DATA SECTION —
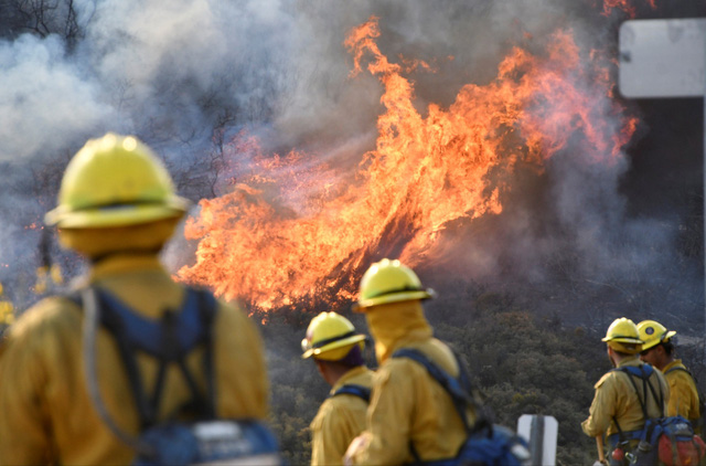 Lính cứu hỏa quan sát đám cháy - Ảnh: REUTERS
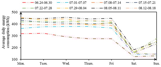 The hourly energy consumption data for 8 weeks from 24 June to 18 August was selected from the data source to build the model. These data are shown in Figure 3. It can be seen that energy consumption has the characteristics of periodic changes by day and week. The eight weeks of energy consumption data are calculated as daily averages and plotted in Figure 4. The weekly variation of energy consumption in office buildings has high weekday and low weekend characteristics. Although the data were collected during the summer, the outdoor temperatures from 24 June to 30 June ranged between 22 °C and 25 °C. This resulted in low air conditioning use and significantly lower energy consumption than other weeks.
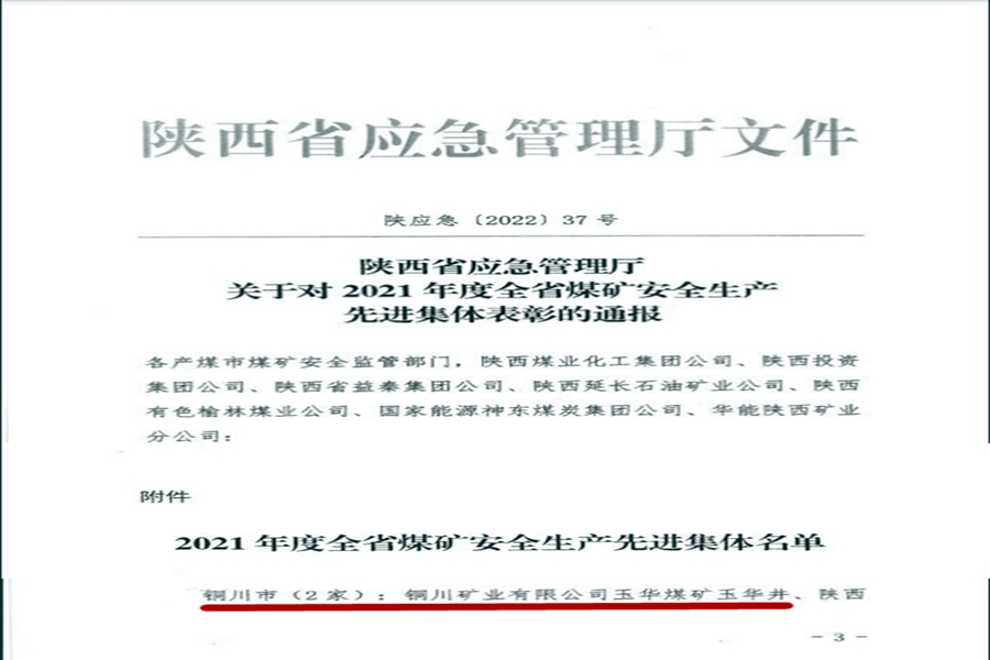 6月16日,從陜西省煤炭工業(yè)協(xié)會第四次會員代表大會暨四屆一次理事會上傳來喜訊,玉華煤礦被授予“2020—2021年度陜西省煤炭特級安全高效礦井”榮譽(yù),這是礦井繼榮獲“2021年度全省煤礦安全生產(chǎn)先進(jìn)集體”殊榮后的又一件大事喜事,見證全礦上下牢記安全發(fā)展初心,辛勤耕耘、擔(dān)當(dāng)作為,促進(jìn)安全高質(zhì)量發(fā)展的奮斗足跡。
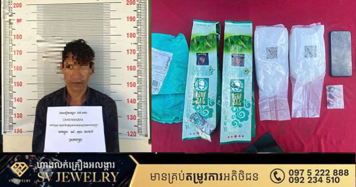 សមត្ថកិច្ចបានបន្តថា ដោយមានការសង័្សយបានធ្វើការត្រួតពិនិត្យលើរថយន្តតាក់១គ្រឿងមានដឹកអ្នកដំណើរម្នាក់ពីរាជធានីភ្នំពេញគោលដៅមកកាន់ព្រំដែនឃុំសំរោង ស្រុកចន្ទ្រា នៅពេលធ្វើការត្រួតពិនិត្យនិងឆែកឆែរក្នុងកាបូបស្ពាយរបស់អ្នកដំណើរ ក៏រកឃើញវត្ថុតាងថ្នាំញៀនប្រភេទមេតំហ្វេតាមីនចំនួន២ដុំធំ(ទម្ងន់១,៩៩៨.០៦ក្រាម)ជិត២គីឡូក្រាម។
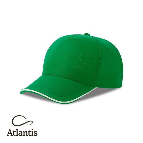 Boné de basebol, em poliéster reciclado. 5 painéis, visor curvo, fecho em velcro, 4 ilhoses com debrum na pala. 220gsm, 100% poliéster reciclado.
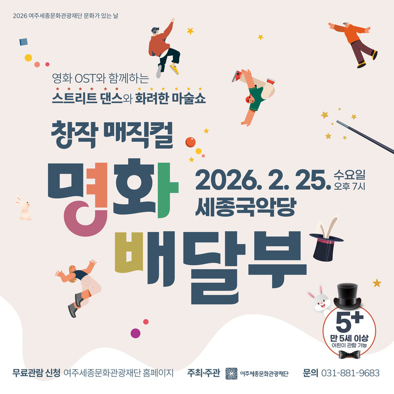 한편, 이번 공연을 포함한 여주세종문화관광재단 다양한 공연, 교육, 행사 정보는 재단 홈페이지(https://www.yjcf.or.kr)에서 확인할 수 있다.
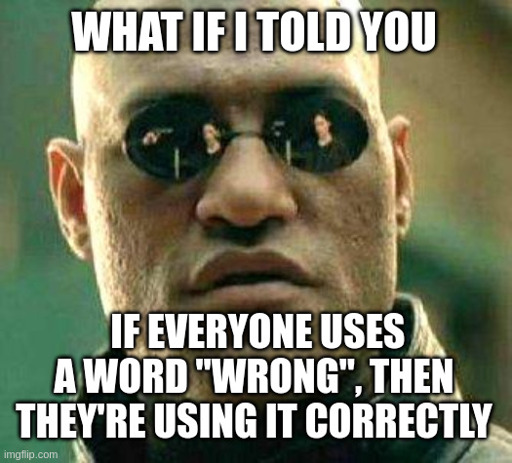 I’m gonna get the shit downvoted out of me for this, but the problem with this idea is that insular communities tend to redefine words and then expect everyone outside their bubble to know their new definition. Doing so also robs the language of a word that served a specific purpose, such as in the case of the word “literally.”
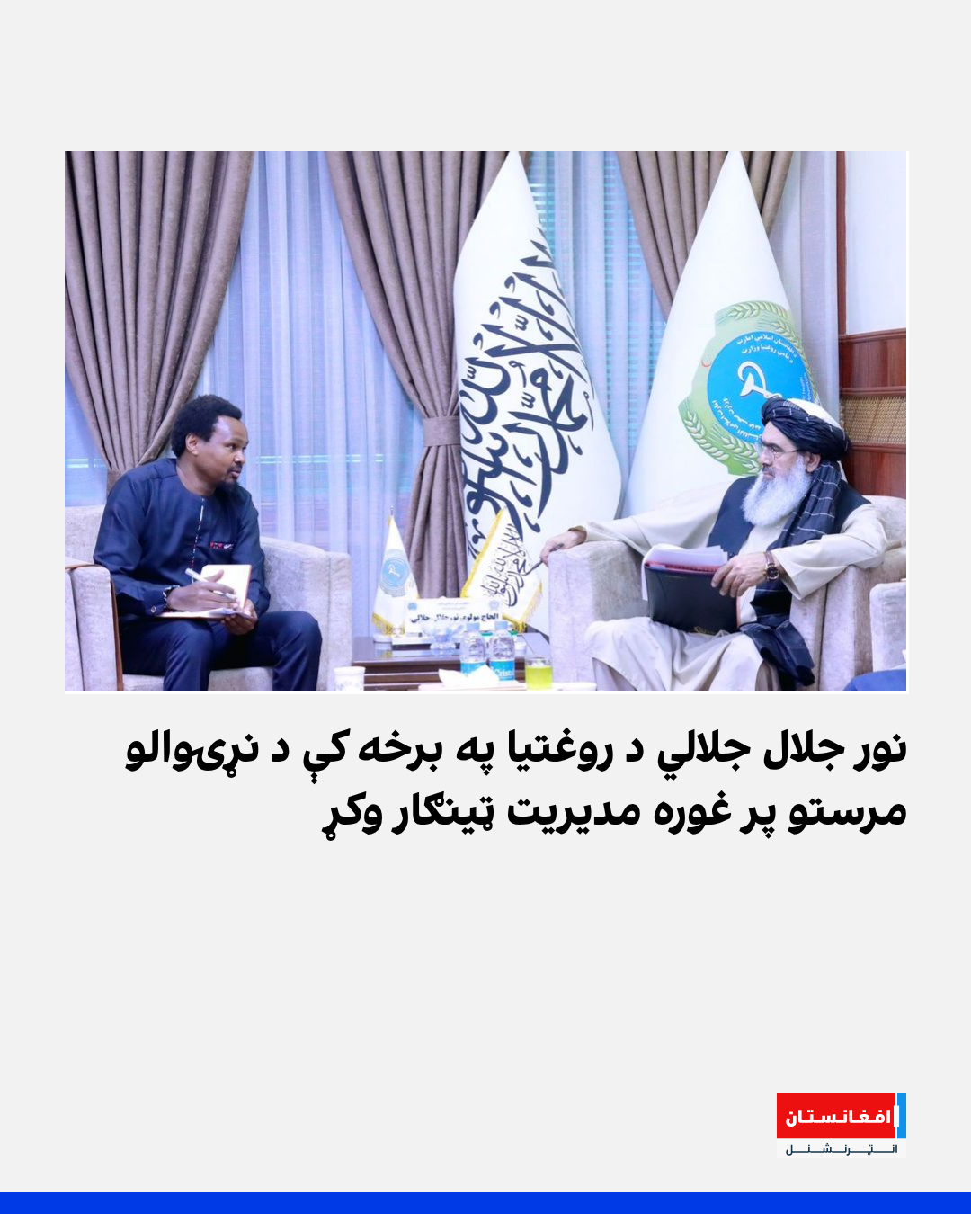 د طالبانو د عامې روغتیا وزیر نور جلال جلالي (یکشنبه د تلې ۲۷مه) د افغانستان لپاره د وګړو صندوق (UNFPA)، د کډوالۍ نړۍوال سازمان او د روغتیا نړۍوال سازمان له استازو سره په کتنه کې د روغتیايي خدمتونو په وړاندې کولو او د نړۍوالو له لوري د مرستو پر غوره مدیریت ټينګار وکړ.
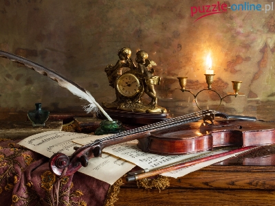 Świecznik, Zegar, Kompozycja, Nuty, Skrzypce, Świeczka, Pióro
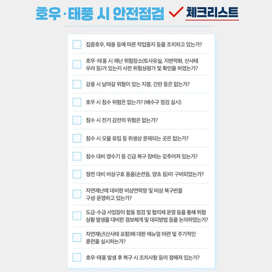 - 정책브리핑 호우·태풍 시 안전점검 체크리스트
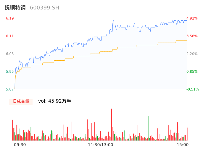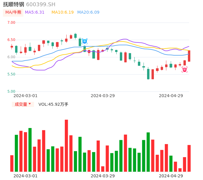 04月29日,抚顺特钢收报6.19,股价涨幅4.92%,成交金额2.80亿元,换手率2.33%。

...

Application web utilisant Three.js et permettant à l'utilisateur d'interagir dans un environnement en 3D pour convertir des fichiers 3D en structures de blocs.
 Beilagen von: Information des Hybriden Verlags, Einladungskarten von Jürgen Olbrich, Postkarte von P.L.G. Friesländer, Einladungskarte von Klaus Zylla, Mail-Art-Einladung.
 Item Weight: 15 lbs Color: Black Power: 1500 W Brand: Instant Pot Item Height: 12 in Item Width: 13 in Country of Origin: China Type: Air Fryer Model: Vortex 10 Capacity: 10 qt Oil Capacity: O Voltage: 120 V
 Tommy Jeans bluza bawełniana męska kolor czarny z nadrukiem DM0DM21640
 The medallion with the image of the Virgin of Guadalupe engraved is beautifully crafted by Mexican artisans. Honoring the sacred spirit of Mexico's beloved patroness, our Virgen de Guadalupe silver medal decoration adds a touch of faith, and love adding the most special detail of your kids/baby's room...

...

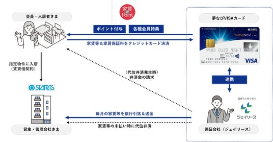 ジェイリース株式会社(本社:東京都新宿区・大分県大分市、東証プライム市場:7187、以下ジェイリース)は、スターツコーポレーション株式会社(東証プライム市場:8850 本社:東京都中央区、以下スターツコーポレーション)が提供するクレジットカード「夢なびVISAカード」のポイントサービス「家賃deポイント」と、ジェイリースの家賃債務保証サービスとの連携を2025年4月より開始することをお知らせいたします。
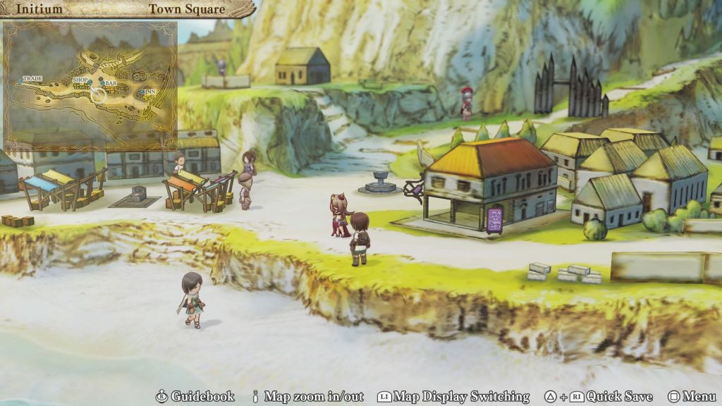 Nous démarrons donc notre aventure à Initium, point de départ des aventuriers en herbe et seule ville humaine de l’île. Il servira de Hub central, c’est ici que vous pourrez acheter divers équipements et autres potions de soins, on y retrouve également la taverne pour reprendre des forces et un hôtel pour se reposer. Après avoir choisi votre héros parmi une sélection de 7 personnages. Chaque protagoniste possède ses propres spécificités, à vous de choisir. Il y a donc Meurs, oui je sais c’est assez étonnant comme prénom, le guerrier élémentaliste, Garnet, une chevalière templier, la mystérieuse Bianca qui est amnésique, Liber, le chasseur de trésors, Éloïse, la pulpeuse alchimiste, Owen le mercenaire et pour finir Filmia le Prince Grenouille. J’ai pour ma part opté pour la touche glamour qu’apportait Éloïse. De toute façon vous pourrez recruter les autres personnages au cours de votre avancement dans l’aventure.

WHAT THIS TASK INVOLVES — Would you copy, word for word, only the lines above from the one containing "Lính cứu hỏa" through the one containing "6月16日,從陜西省煤炭工業", both included, and please leave out the pictures?

YOUR RESPONSE —
 Lính cứu hỏa quan sát đám cháy - Ảnh: REUTERS
 The hourly energy consumption data for 8 weeks from 24 June to 18 August was selected from the data source to build the model. These data are shown in Figure 3. It can be seen that energy consumption has the characteristics of periodic changes by day and week. The eight weeks of energy consumption data are calculated as daily averages and plotted in Figure 4. The weekly variation of energy consumption in office buildings has high weekday and low weekend characteristics. Although the data were collected during the summer, the outdoor temperatures from 24 June to 30 June ranged between 22 °C and 25 °C. This resulted in low air conditioning use and significantly lower energy consumption than other weeks.
 6月16日,從陜西省煤炭工業(yè)協(xié)會第四次會員代表大會暨四屆一次理事會上傳來喜訊,玉華煤礦被授予“2020—2021年度陜西省煤炭特級安全高效礦井”榮譽(yù),這是礦井繼榮獲“2021年度全省煤礦安全生產(chǎn)先進(jìn)集體”殊榮后的又一件大事喜事,見證全礦上下牢記安全發(fā)展初心,辛勤耕耘、擔(dān)當(dāng)作為,促進(jìn)安全高質(zhì)量發(fā)展的奮斗足跡。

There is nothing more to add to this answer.